IR (KBr disc) measurement results:
ν = 2940, 2868 (> CH ₂ ), 1597, 1497 (C═C), 1234-1190 (C—F) cm ^−1
1 HNMR (500 MHz, CDCl ₃ ) measurement results:
δ = 1.83 (2H, quin, J = 6.4 Hz), 1.86 (2H, quin, J = 6.4 Hz), 2.28-2.38 (2H, m), 2.58-2 .69 (2H, m), 2.99 (2H, m), 3.35 (2H, m), 3.98 (2H, t, J = 6.4 Hz), 4.04 (2H, t, J = 6.4 Hz), 6.87 (2H, d, J = 8.5 Hz), 7.01 (2H, d, J = 8.5 Hz), 7.37 (2H, d, J = 8.5 Hz) 7.57 (2H, d, J = 8.5 Hz), 7.77 (2H, d, J = 8.5 Hz), 7.96 (2H, d, J = 8.5 Hz) ppm

  With respect to the electrolytic solutions (a) to (h) of Examples 1 to 5 and Comparative Examples 1 to 5, gelation ability, gel stability, and electrical conductivity were measured.
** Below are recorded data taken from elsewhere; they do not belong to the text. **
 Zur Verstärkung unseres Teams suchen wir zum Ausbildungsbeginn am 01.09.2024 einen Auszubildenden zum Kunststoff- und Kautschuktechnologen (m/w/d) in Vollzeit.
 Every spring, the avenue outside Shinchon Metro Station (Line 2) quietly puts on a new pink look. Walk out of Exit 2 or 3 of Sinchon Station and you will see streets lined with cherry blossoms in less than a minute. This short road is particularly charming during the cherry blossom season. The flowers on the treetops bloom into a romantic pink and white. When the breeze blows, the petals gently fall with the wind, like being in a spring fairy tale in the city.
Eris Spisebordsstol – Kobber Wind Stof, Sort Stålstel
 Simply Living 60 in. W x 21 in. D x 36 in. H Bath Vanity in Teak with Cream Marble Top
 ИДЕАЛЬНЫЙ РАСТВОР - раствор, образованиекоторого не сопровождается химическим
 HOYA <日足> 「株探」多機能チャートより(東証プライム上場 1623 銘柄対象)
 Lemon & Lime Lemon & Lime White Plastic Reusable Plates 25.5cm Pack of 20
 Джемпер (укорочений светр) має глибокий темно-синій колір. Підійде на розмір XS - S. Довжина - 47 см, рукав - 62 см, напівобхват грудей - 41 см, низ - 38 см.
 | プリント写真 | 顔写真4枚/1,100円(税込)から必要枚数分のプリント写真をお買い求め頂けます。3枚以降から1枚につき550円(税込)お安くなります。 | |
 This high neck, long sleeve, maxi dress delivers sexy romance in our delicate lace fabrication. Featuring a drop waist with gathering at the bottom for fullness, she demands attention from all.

The results are shown in Table 1. Moreover, about the battery (a), (d), (f), (i) of Examples 6-7 and Comparative Examples 6-7, discharge capacity was measured and cycle characteristics were evaluated. The results are shown in Table 2. Further, safety tests were performed on the electrolyte solutions (a), (d), (f), and (i) of Example 1, Example 4, and Comparative Examples 1 and 4. The results are shown in Table 3.

Claims (9)

An electrolytic solution containing a nonaqueous solvent, an electrolyte, and a compound represented by the following general formula (1).
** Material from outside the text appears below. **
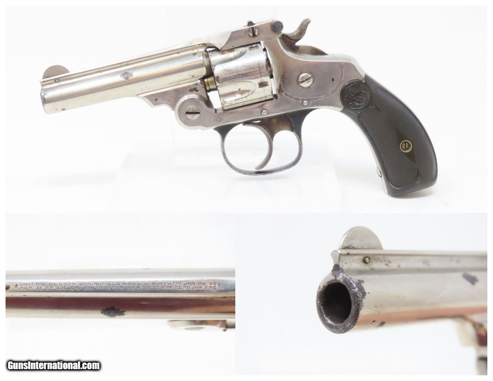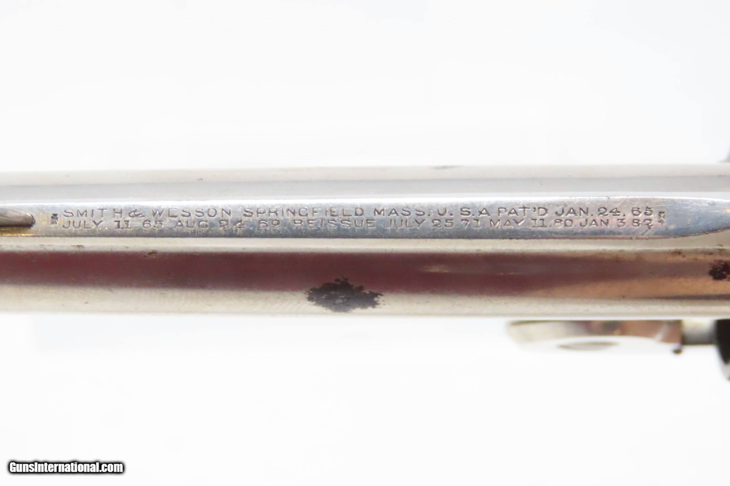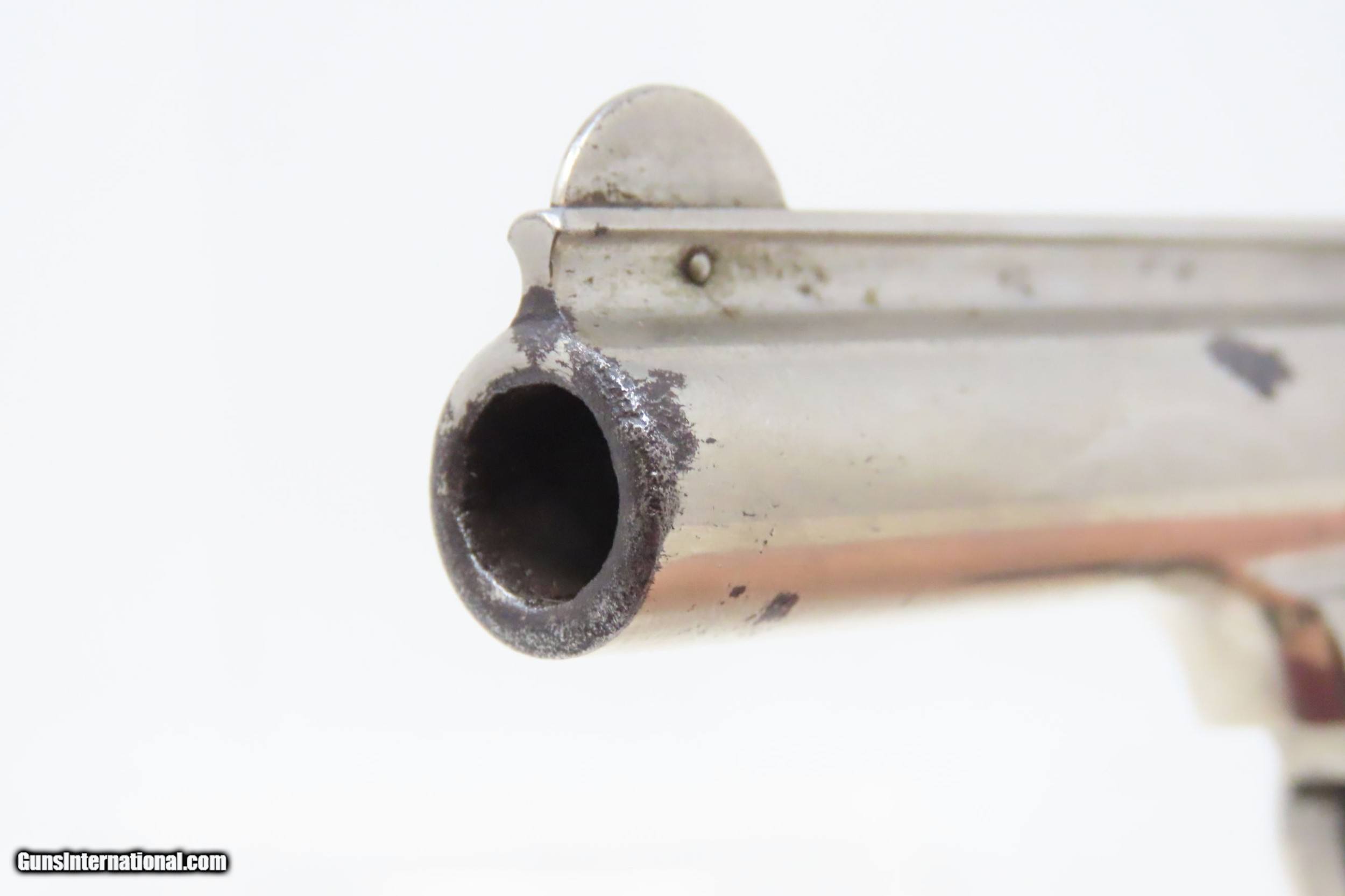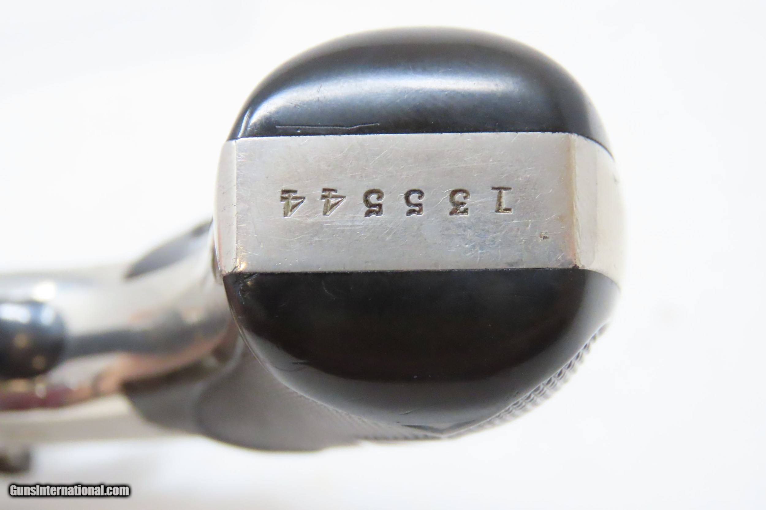 Description: SMITH & WESSON .32 Caliber 4th Model DOUBLE ACTION Top Break C&R REVOLVER Turn of the Century .32 S&W Conceal & Carry Revolver Here we present a C&R Smith & Wesson Double Action Top Break Revolver in .32 S&W, made circa the turn of the Century in Springfield, Massachusetts. The 4th model was made between 1883 and 1909 with a total of roughly 240,000 revolvers made. The fourth model ran from serial number 43,406 and continued to about 282,999. Improvements in the 4th model were in the trigger guard, and internal changes in the shape of the sear and the cylinder stop. At the end of the 4th model production about 10,000 guns of the 5th model used some parts from both. Additional barrel lengths of 8″ and 10″ were offered and sold. This would have been a nice gun to wear in a small belt holster or slip into a pocket for self-defense. Smith & Wesson, then as now, were known for their high quality revolvers. The overall condition is fine. Original finish. Excellent action. Semi-bright bore with light spots of pitting. Legible markings. Numbers match. Both grips are in fine shape with less than average wear from handling. This firearm is classified as a Curio & Relic. Barrel is 3 inches. Caliber: .32 S&W Overall condition as seen in photos. Very Fast. Very Safe. FREE SHIPPING. Will need to be sent to your local FFL or C&R licensee. This firearm is classified as a Curio & Relic. Guaranteed AUTHENTIC & Includes CERTIFICATE OF AUTHENTICITY. ancestryguns $1050 #220500 SOLD Curio/Relic: Yes |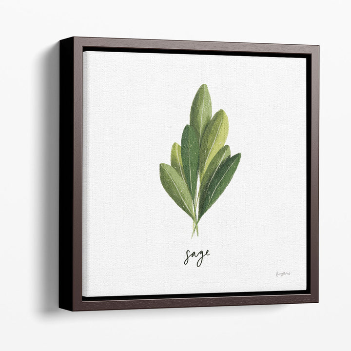 This captivating piece showcases delicate sage leaves against a bold black background, accented by elegant "Sage" text for a striking visual.

Rf-R-X-Ar-Z-Ar'-X'-R'-Rf '(1)
(In General Formula (1), Rf and Rf ′ each independently represents a substituted or unsubstituted perfluoroalkyl group having 2 to 18 carbon atoms in the main chain, and R and R ′ each independently represent a single bond or A substituted or unsubstituted divalent hydrocarbon group having 1 to 8 carbon atoms in the main chain; X and X ′ each independently represent an S atom, an O atom, an SO group or an SO ₂ group; 'Is a different group, Ar and Ar' each independently represents a substituted or unsubstituted aromatic group or alicyclic group having 5 to 20 ring-forming atoms, and Ar and Ar 'are different groups. Yes, Z represents a substituted or unsubstituted divalent hydrocarbon group or oxyhydrocarbon group having 1 to 8 carbon atoms in the main chain.   2. The electrolytic solution according to claim 1, wherein Ar and Ar ′ are each independently a substituted or unsubstituted phenylene group, biphenylene group, terphenylene group, naphthylene group, anthranylene group, or pyridylene group.   2. The electrolytic solution according to claim 1, wherein Ar and Ar ′ are each independently a substituted or unsubstituted phenylene group, biphenylene group, or naphthylene group. The electrolyte solution according to claim 1, wherein X and X ′ are each independently an S atom, an SO group, or an SO ₂ group. Any one of the Ar and Ar ′ is a phenylene group, the other is a biphenylene group, and one of X and X ′ is an S atom and the other is an SO ₂ group. The electrolyte solution according to item.   The electrolytic solution according to claim 1, wherein the electrolytic solution is a gelled gel electrolyte. A positive electrode containing a positive electrode active material;
A negative electrode containing a negative electrode active material;
The electrolyte solution according to any one of claims 1 to 6,
A lithium ion secondary battery comprising:   The lithium ion secondary battery according to claim 7, wherein the positive electrode active material includes a lithium-containing compound.   The negative electrode active material contains at least one material selected from the group consisting of metallic lithium, a carbon material, a material containing an element capable of forming an alloy with lithium, and a lithium-containing compound. The lithium ion secondary battery as described.